OK, so the game must go on. We have the prospect of a pitching duel between Garrett Richards for the Angels and Lance Lynn for the Twins. It’s a pleasant evening with light breezes and no sign of the sprinkles that had been forecast earlier.

Target Field is nice. That word applies to so much in Minnesota, and it certainly does to this stadium. It is relatively compact and gives you a feeling of being part of the ballgame.

We find our seats and head off in search of food. That’s when I make a rookie mistake. I’ve been to Target Field before and so I know better, but I mindlessly went to the establishment food place and got the cheddar bratwurst and an “Italian” salad. Looks pretty good, huh?

My mistake was in failing to make a complete circuit of the ballpark before buying and simultaneously forgetting that when I was here last, I had a Kramarczuk’s brat, the best I’ve found at any major league park. And I didn’t remember it until I’d already downed the first one. Not only that, but the picture I took of the Kramarczuk grill didn’t turn out either. It would have made you weep. Failure engenders regret, and in this case, the regret nearly led me to have another brat, but that would have led to yet another failure (of the digestive system).

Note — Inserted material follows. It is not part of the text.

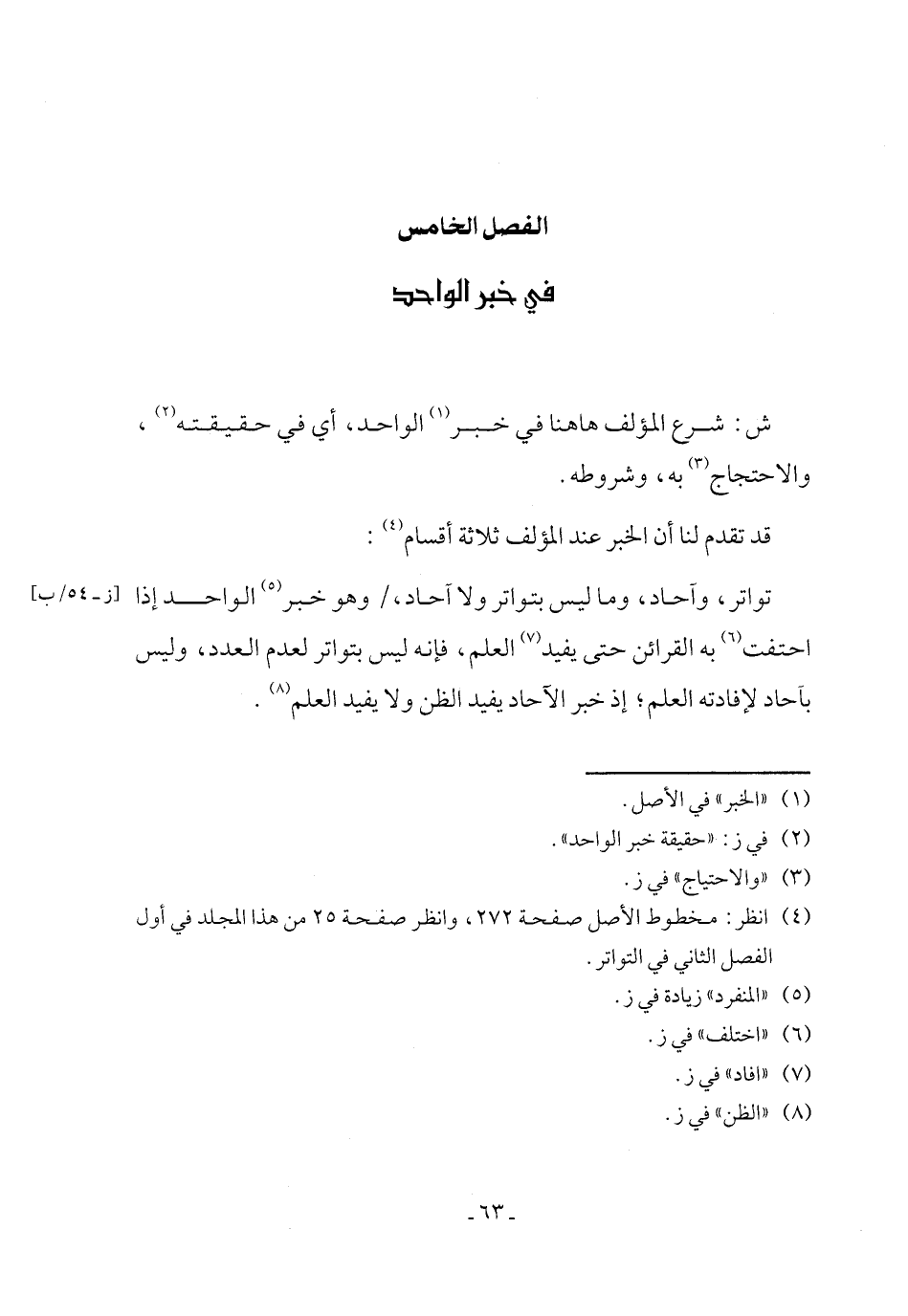 الفصل الخامس في خبر الواحد

Managed failure.

The evening was made memorable by the unusual promotion – it was Prince Night. And the giveaway was a blow-up purple guitar, seen here in all its glory. Yes, Prince was from Minnesota and yes, his color was purple, but what does that have to do with baseball?

The game did indeed turn out to be a pitcher’s duel with the score tied at one after two innings and continued that way till the sixth when Grossman hit a solo dinger to put the Twins up 2-1. Then the Angels stormed back with two of their own by the ever-dangerous Ian Kinsler and Justin Upton to reach the final of 4-2 for the Halos.

One surprise was Mike Trout going 0-4, striking out twice, once with the bases loaded. Didn’t matter in the end, though, except to his batting average. Oh yes, and as you can see from this picture, the Twins have extended their screens to mid-outfield. Farther than I’ve seen anywhere else.

MINNEAPOLIS

Since this rag is supposedly about travel as well as baseball, I should mention that Minneapolis is a beautiful city. We spent the better part of a day in the Minneapolis Institute of Art – known as Mia. It is a terrific museum with an eclectic collection, including a significant body of Asian art, both ancient and contemporary. I was particularly taken with the woodblocks of Japanese artist Kawase Hasui. They also have works by many of the impressionist and modern masters. A very impressive place.